Sternberg Museum staff members publish papers in scientific journals

Greg Liggett, assistant director of the Sternberg Museum of Natural History at Fort Hays State University, and Mike Everhart, an adjunct curator, have recently published papers in scientific journals.

Liggett published "Discovery of a Junior Synonym for the Late Cretaceous Genus Coniasaurus (Reptilia, Squamata)" in the Journal of Vertebrate Paleontology.

Liggett's paper details his discovery that, in the 1850s, a famous scientist inadvertently gave a second name (the "junior synonym") to the fossil of a small lizard that he found in the English chalk formations. Liggett speculates that the second name was an attempt to correct the spelling of the first name, Coniasaurus (pronounced CONE-e-a-saurus).

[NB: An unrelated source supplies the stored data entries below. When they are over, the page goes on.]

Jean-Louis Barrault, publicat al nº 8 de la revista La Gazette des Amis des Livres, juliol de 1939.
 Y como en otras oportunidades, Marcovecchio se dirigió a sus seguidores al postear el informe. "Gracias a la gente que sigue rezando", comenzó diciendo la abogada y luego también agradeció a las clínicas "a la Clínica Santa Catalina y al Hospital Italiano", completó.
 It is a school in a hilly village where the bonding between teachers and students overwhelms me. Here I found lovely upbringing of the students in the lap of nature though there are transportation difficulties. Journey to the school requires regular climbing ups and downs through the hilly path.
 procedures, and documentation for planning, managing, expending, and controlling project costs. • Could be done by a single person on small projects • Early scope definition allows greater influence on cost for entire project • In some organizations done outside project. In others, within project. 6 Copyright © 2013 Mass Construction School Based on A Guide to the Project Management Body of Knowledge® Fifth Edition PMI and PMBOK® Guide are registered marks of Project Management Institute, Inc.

Liggett discovered the junior synonym while studying the animal in question, Coniasaurus cressidens (CRES-si-dens), after a similar fossil was discovered in Kansas. A paper on that animal, he said, is still in the works.

Everhart has recently published two papers. "New Data Regarding the Skull of Dolichorhynchops osborni (Plesiosauroidea: Polycotylidae) from the Rediscovered Photos of the Harvard Museum of Comparative Zoology Specimen" was published in Paludicola, a journal published under the auspices of the Rochester Institute of Vertebrate Paleontology.

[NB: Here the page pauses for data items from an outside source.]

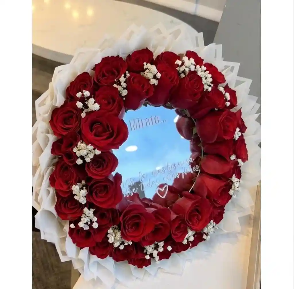 Ramo con espejo y 48 rosas rojas y gypso con mensaje " Mirate, eres la mas hermosa entre las flores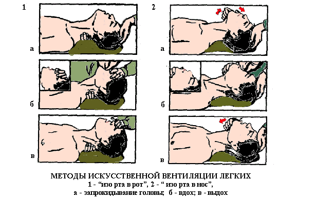 пострадавшего укладывают на спину и становятся на колени сбоку у его головы; восстанавливают проходимость дыхательных путей; сделав глубокий вдох и зажав нос пострадавшего пальцами, лежащей на лбу руки, охватывают своими губами область раскрытого рта и вдувают воздух в дыхательные пути пострадавшего, наблюдая за движением грудной клетки. При утечке воздуха через нос или углы рта передняя стенка грудной клетки или не движется, или смещается кверху незначительно; отводят свое лицо в сторону, продолжая удерживать голову пострадавшего в запрокинутом состоянии. При этом за счет эластичности мышц грудной клетки пострадавшего происходит пассивный выдох.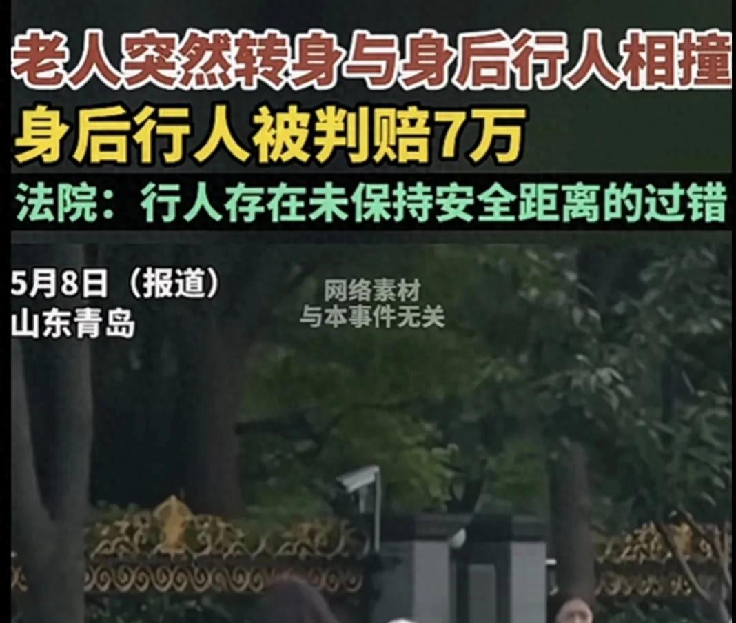 事情经过是一位老人在前面边走边打电话,中途突然转身往回走,与迎面而来的人撞在一起,老人当场倒地。经过监控调取,法官表示,老人虽然受伤,但是前方没有突发情况下突然往回走存在较大过错,而后面的行人因为没有保持安全距离负次要责任,经过多次调解,身后行人被判7万元。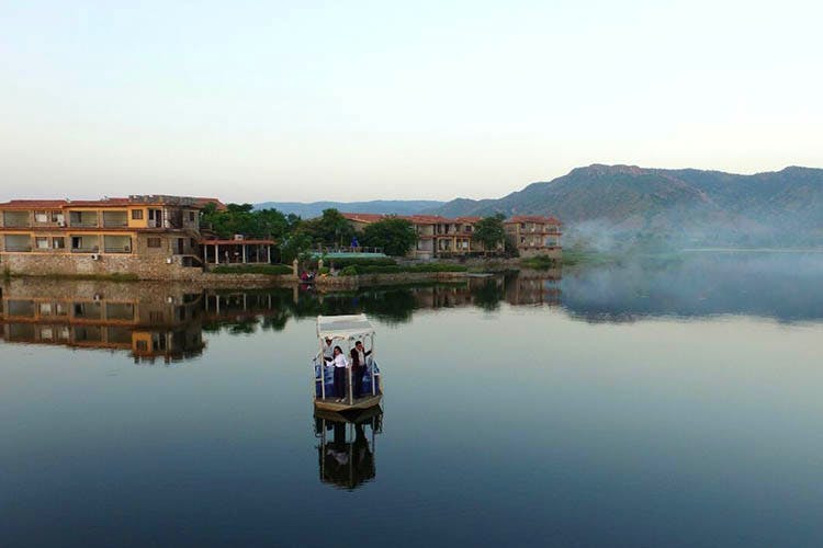 Each room has private balconies overlooking the lake, a view that can be taken in from the tubs in the bathrooms too! The buildings have a rustic, cottage feel with spacious, plush rooms inside making it the perfect place to enjoy the peace and quiet of the area around. You could also cool down in the infinity pool overlooking the lake or share stories around the bonfire at the resort. The hotel restaurant, in addition to its regular dishes, also serves traditional delicious Rajasthani food that'll satisfy you to the core.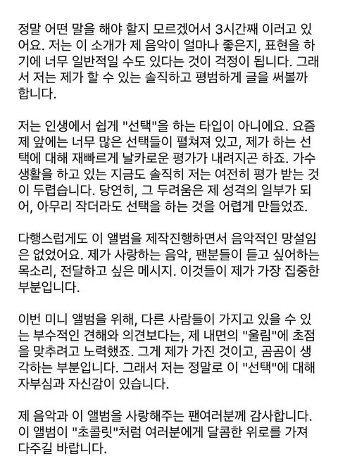 소개들 보니까 팬들에 대한 고마움과 애정이 너무 잘 느껴지고이번 앨범 준비하면서 정말 많이 고민하고 생각하고 노력했는지 잘 알 것 같아서그리고 그만큼 자신감도 보여서 눈물 찔끔한 사람 ㄴㅏ야나ㅠㅠ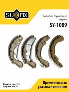 Колодки тормозные задние SUFIX SY-1009. Применение: CHEVROLET Aveo 1.2-1.5 08> / Kalos 1.2-1.4 05>, DAEWOO Kalos 1.2-1.4 02>.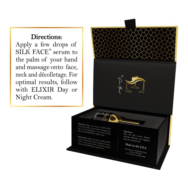 This kit includes Elixir 44 Day Cream, Elixir 44 Night Cream, and Silk Face Serum — a complete beauty set for radiant skin.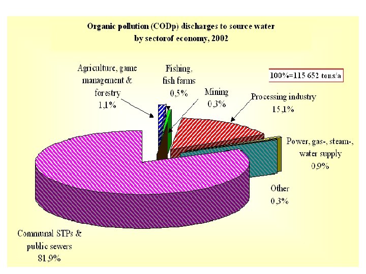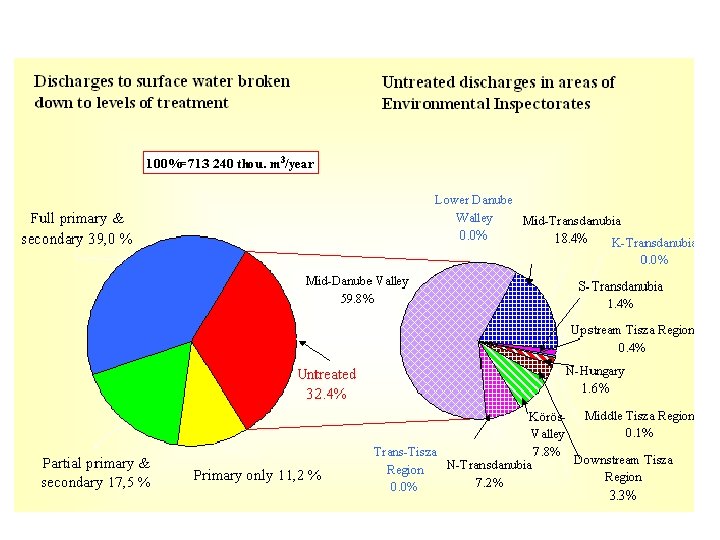 Wastewater collected and pollutant loads in the main river basins Sewage discharged to surface water (million m 3/year) Catchment Primary + partbiological Loads of pollutions (t/a) Primary + full biological CODCr TDS Extract ables Total Untreated Primary only Danube 489, 8 198, 6 57, 1 88, 3 145, 8 89452 270866 7055 35418 6116 Dráva 199, 2 30, 3 22, 4 32, 5 113, 9 24747 175623 2044 12731 1397 Tisza 24, 2 2, 0 0, 08 3, 7 18, 4 1453 26801 130 871 57. 4 Total: 713, 2 231, 0 79, 6 124, 5 278, 1 115652 473290 9229 49020 7570 NH 4 -N TSS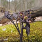 These birds made my day. Otherwise I did rather too much aimless wandering looking for anything the spring winds had blown in. I watched a Peregrine Falcon in territorial display by an established nest site, a male American Kestrel and a couple of active Eastern Meadowlarks. But it was a bit unsatisfying so I opted instead to scout out a woodland where I’m scheduled to lead a nature walk early next month. Capturing shots of the emerging leaves of Wild Ginger and flowers of Blue Cohosh was every bit absorbing as the close study of two yellowlegs species. There’s always something to be learned outdoors.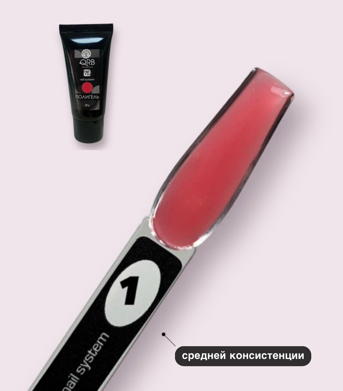 Купить Полигель акригель QRB для наращивания и моделирования ногтей № 1 розовый, 30 гр

"Late Cretaceous Interaction Between Predators and Prey: Evidence of Feeding by Two Species of Shark on a Mosasaur" was published in PalArch, a scientific journal in the Netherlands.

Dolichorhynchops osborni (pronounced Dol-i-cho-rhin-kips osborn-i) is a short-necked plesiosaur about 10 feet long. The best-preserved specimen is housed in the Sternberg Museum, a fully-mounted skeleton in its own case. Only a few fossils of this animal have been found, Liggett said.

Everhart's first paper is on his discovery of photographs taken of one of the few known specimens before the specimen was embedded in plaster for display at Harvard. These photographs display a side of the specimen that has not been seen for 50 years.

Everhart's second paper is about mosasaur bones that show evidence of being bitten by two species of shark. The bones are on display at the Sternberg Museum in the marine reptile case.